Giving some insight, perhaps, into Bryant’s hoarding, Steele adds: “He researched and collected photographs, artifacts and records of the Provincetown whaling, fishing and salt industries. He delivered talks and wrote numerous articles. He was generous with information and the materials he had collected. It poured out of him. His comprehension of local history was so encyclopedic it took people aback.”
I didn’t know George personally, but I feel compelled to round out the picture of a complex man who was more than what your story implies.
Necee Regis
Wellfleet
Offshore Wind Opponents
To the editor:
Vallorie Oliver, president of ACK for Whales (formerly “Nantucket Residents Against Turbines”), asserts in her Feb. 29 letter that constructing wind turbines off the southern coast of New England could result in the extinction of right whales and that “the juice” is not “worth the squeeze.”
A small number of highly funded organizations with exceptional subterfuge skills continue to interfere with the development of the best and most cost-effective renewable resources that New England offers. Properly executed, offshore wind is New England’s frutti di mare of renewable resources. The juice is worth the squeeze.
Offshore turbines offer the most accessible source of renewable energy. First, New England’s power system can accommodate interconnection of thousands of megawatts of offshore wind resources through capacity available due to recently retired coal, oil, and nuclear resources. Second, New England’s offshore wind productivity is two to four times that of onshore wind and solar resources. Finally, offshore wind can be readily developed without land-use restrictions and increasingly complicated environmental objections.
Ms. Oliver’s organization continues to appeal offshore wind permits, burdening the court system with time-consuming and costly cases with nearly no chance of succeeding. Instead of concealing the truth, these organizations should admit that they are against renewable energy and would seemingly prefer newly sited fossil-fuel-fired power plants.
Those formerly juicy fruits have been squeezed, however. New England’s future power supply depends on a reasonable quantity of offshore wind power production.
Joe Cavicchi
Truro and Arlington
The writer is an economist specializing in wholesale and retail electricity markets.
In Defense of Earthworms
To the editor:
In Jim Gilbert’s otherwise accurate and interesting piece “Of Settlers and Silt” in the March 7 Independent [page B6], the statements about the destructive effects on Cape forests of introduced earthworms don’t seem supported by recent science.
When worms eat dead leaves, they excrete soil (not “dirt”) enriched with beneficial microbes and nitrogen.

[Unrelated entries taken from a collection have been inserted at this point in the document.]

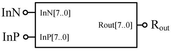 According to the second part of the HP memristor threshold characteristics, this paper establishes the corresponding memristor model in FPGA, as shown in Figure 2. In order to highlight the characteristics of the memristor as a bipolar memory device in Quartus II as show in Figure 1, two input terminals InP and InN need to be designed in this model; concretely, InP represents the positive memristor input electrode while InN represents the negative memristor input electrode. One output terminal Rout is needed to be established to show the corresponding value of the memristor. The 8-bit binary numbers InP [7..0], InN [7..0] and Rout [7..0] are used to represent the forward input voltage, reverse input voltage, and the memristance of the memristor at each voltage, respectively. The data in this design are set to be 8-bit binary number, to ensure the needs of the subsequent computing module, because fewer bits are possible to make overflow during calculation.
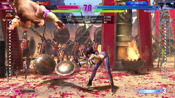 立川さんが操作しているのは、画面向かって右の「舞」という女性キャラ。対戦相手が操作するザンギエフに対して、開始から立川さんが攻め、投げ技が決まります。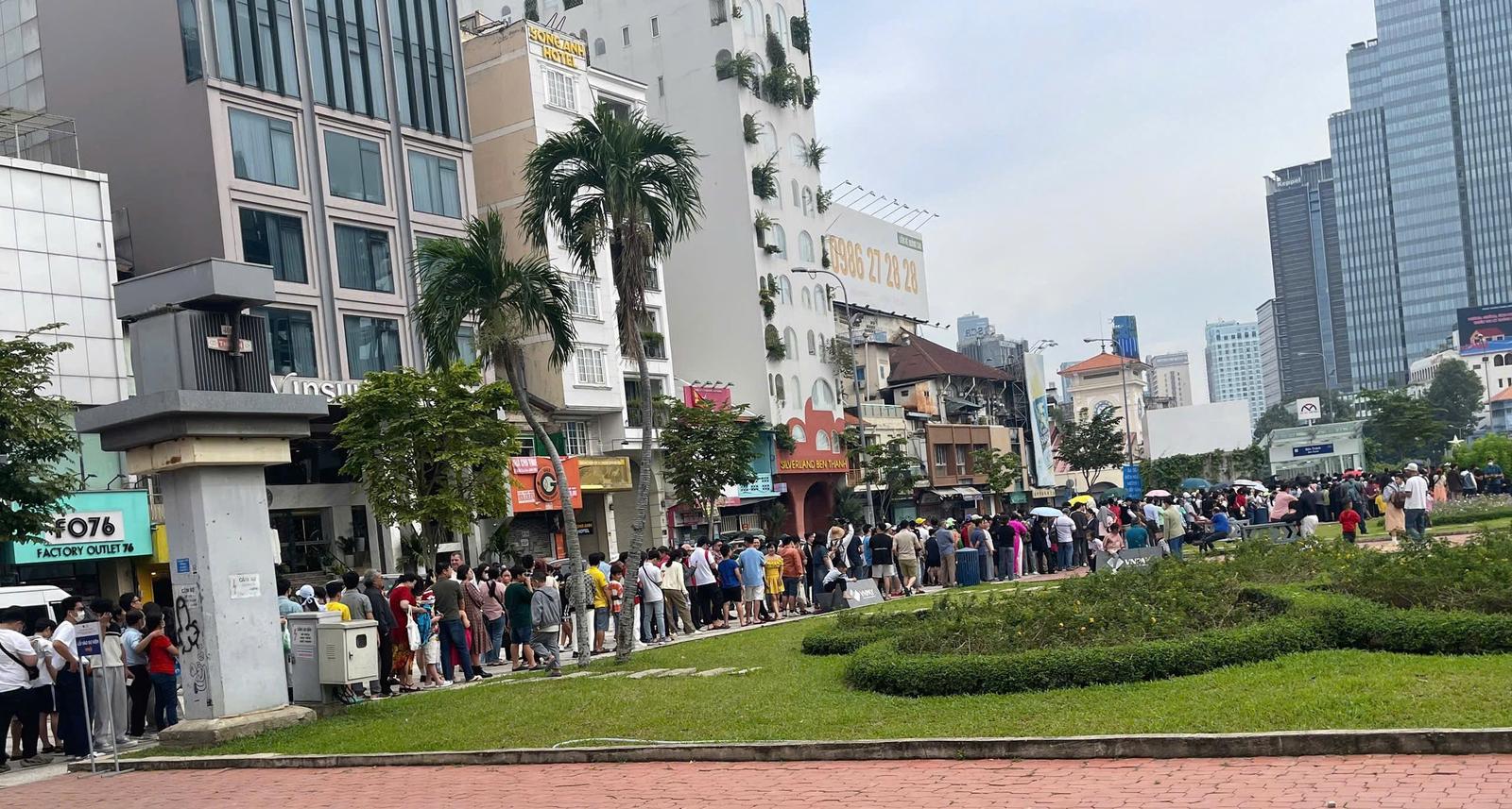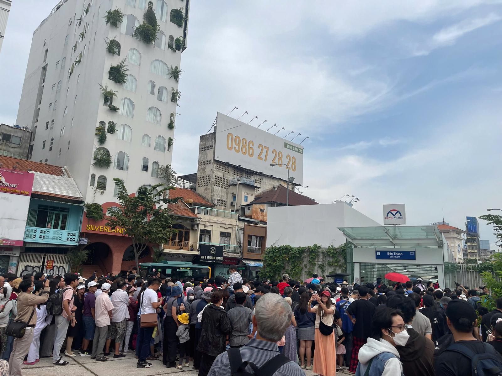 Người dân xếp hàng tại ga Bến Thành để chờ được lên tàu. Ảnh: TH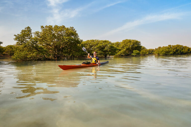 Discover a hidden side of Qatar in the Al Thakira mangroves. Kayak through calm waters surrounded by lush greenery and spot flamingos in the wild. A peaceful, unexpected escape into nature.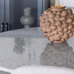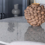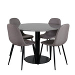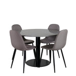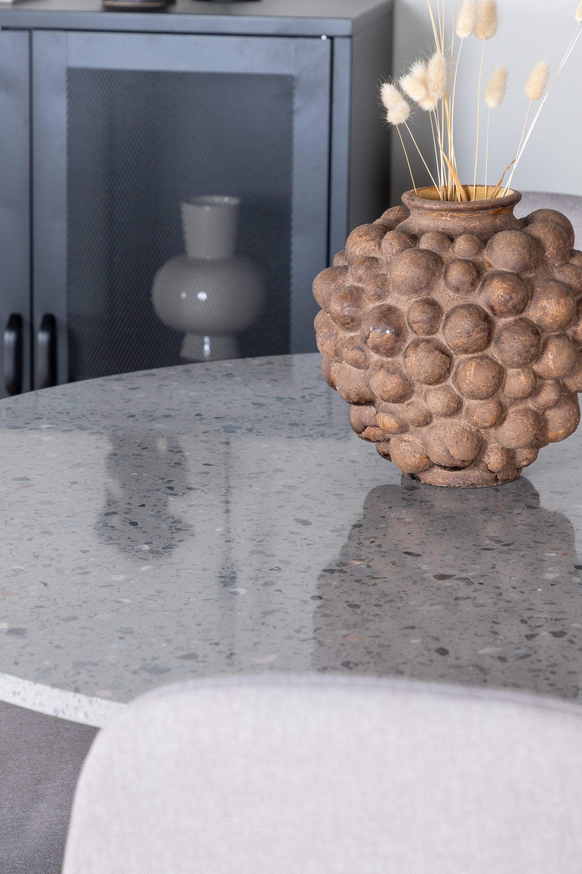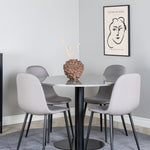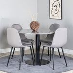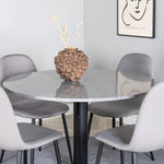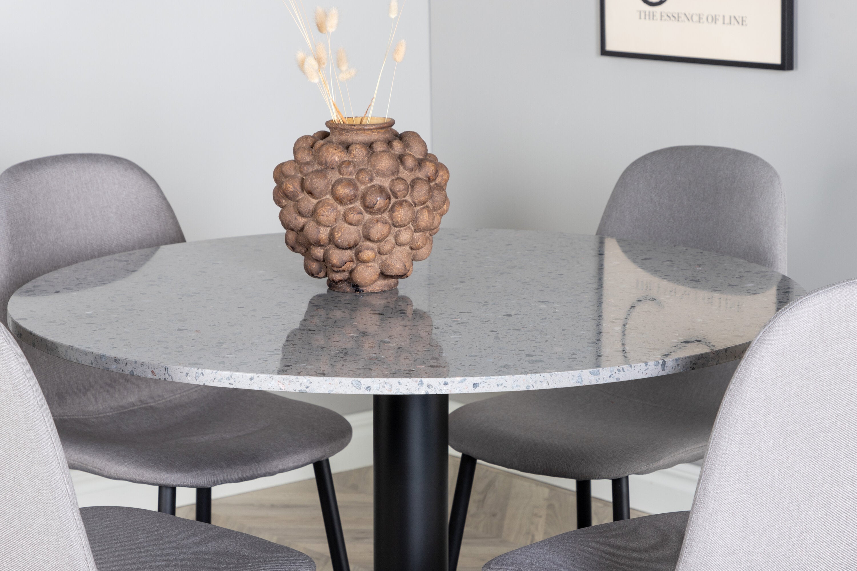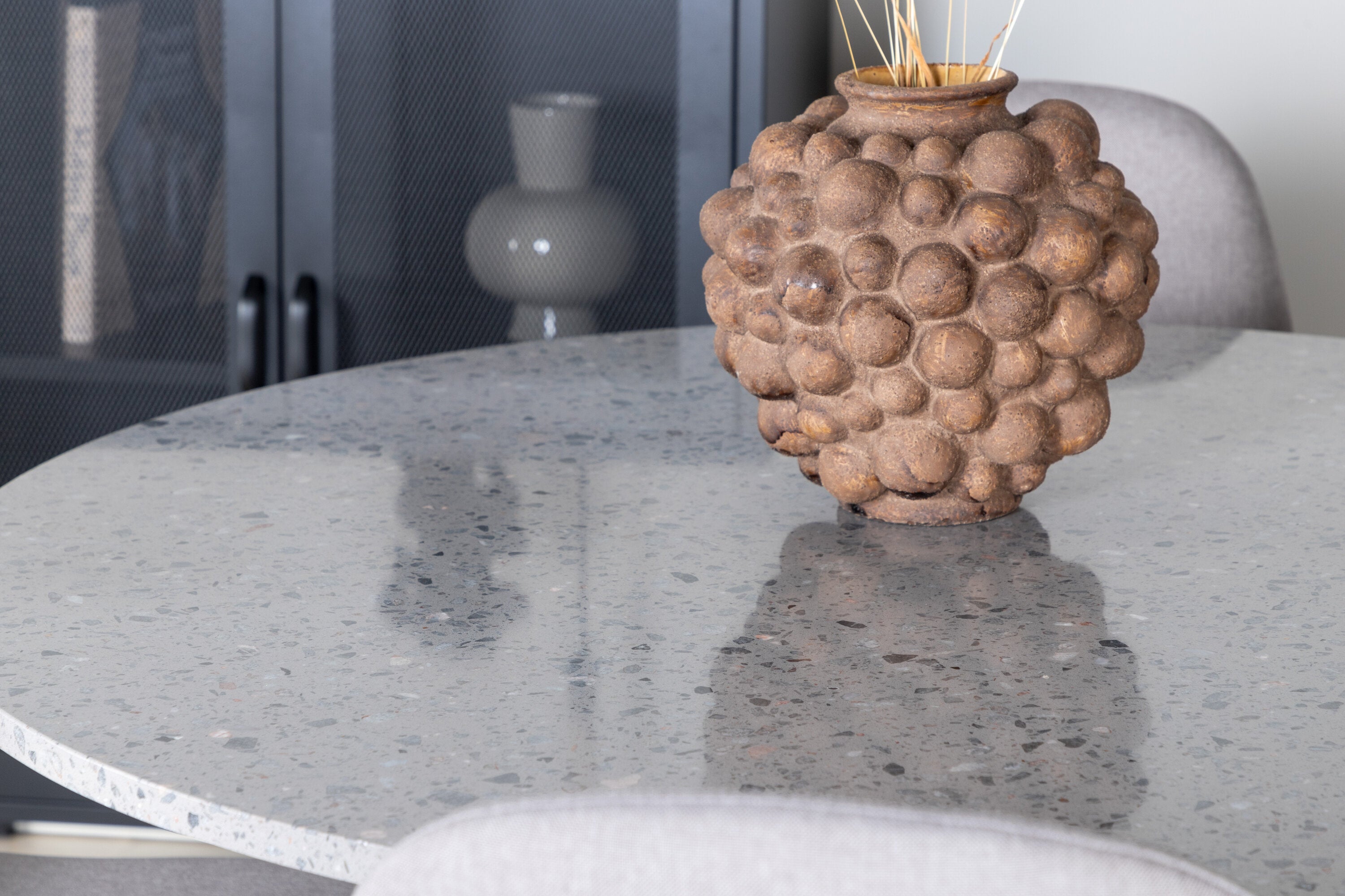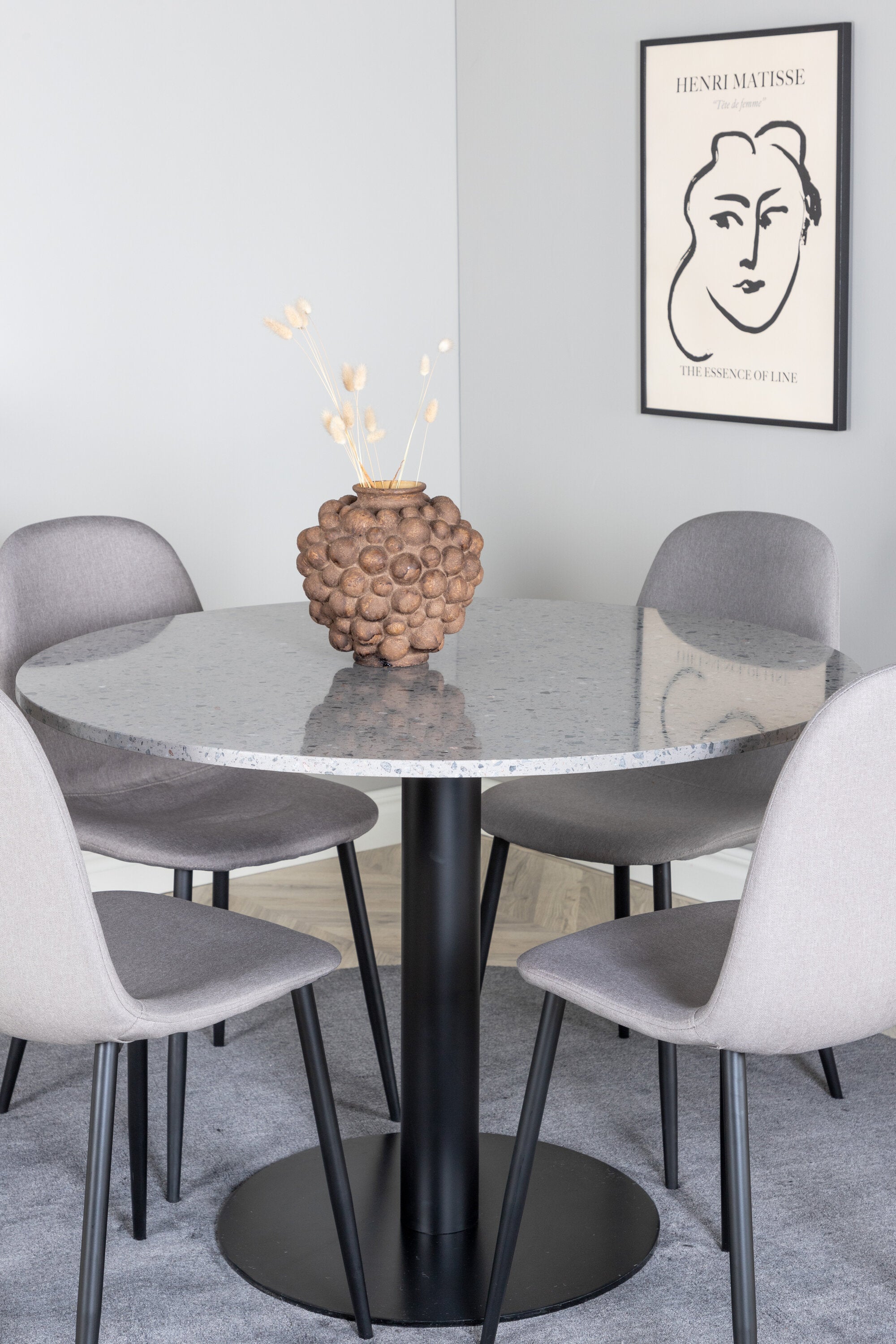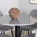 Klasická skupina jídel, která vytváří příjemnou atmosféru! Jídelní stůl Razzia má kulatou stolní desku z krásného terazza s šedým povrchem a rám ve tvaru válce z černého kovu. Zde společně s moderními jídelními židlemi ze série Polar. Židle má plně oblečený design s nohami z černého kovu, mírně zaobleným opěradlem a sedákem z tenké šedé polyesterové tkaniny s měkkým polstrováním pro větší pohodlí. S touto skupinou potravin nemusíte dělat kompromisy mezi pohodlím a designem!

The latter is an essential and often limiting nutrient for plant (including tree) growth.
A 2014 meta-analysis of studies from all around the world in the prestigious journal Nature found that on average earthworms increase crop yield by 25 percent and above-ground biomass by 23 percent, primarily by making nitrogen available to plants. The same is likely the case for forest trees.
Another issue is the curious statement that earthworm activity somehow increases runoff and, presumably, erosion.
But otherwise Mr. Gilbert’s history is spot-on. I always enjoy his articles.
John Portnoy
Wellfleet
Hopkins and History
To the editor:
It was a joy to read Kevin Gallagher’s fine poem “Hopkins’ Tempests” in the Feb. 29 issue [page C4]. Its protagonist, Stephen Hopkins, had a role not only in Mayflower, Plymouth Colony, and literary history, as the poem shows, but also in local history to the present day.
Many of Stephen Hopkins’s descendants settled on the Outer Cape. One branch of the family settled first in Truro, then on Bound Brook Island in Wellfleet, and later moved into Wellfleet town. From that line, Martha Hopkins married banana entrepreneur Lorenzo Dow Baker. Another descendant, among many, is Joan Hopkins Coughlin, a painter steeped in history who lives in Wellfleet today.
I applaud the Independent’s commitment to publish poetry, rare among newspapers today.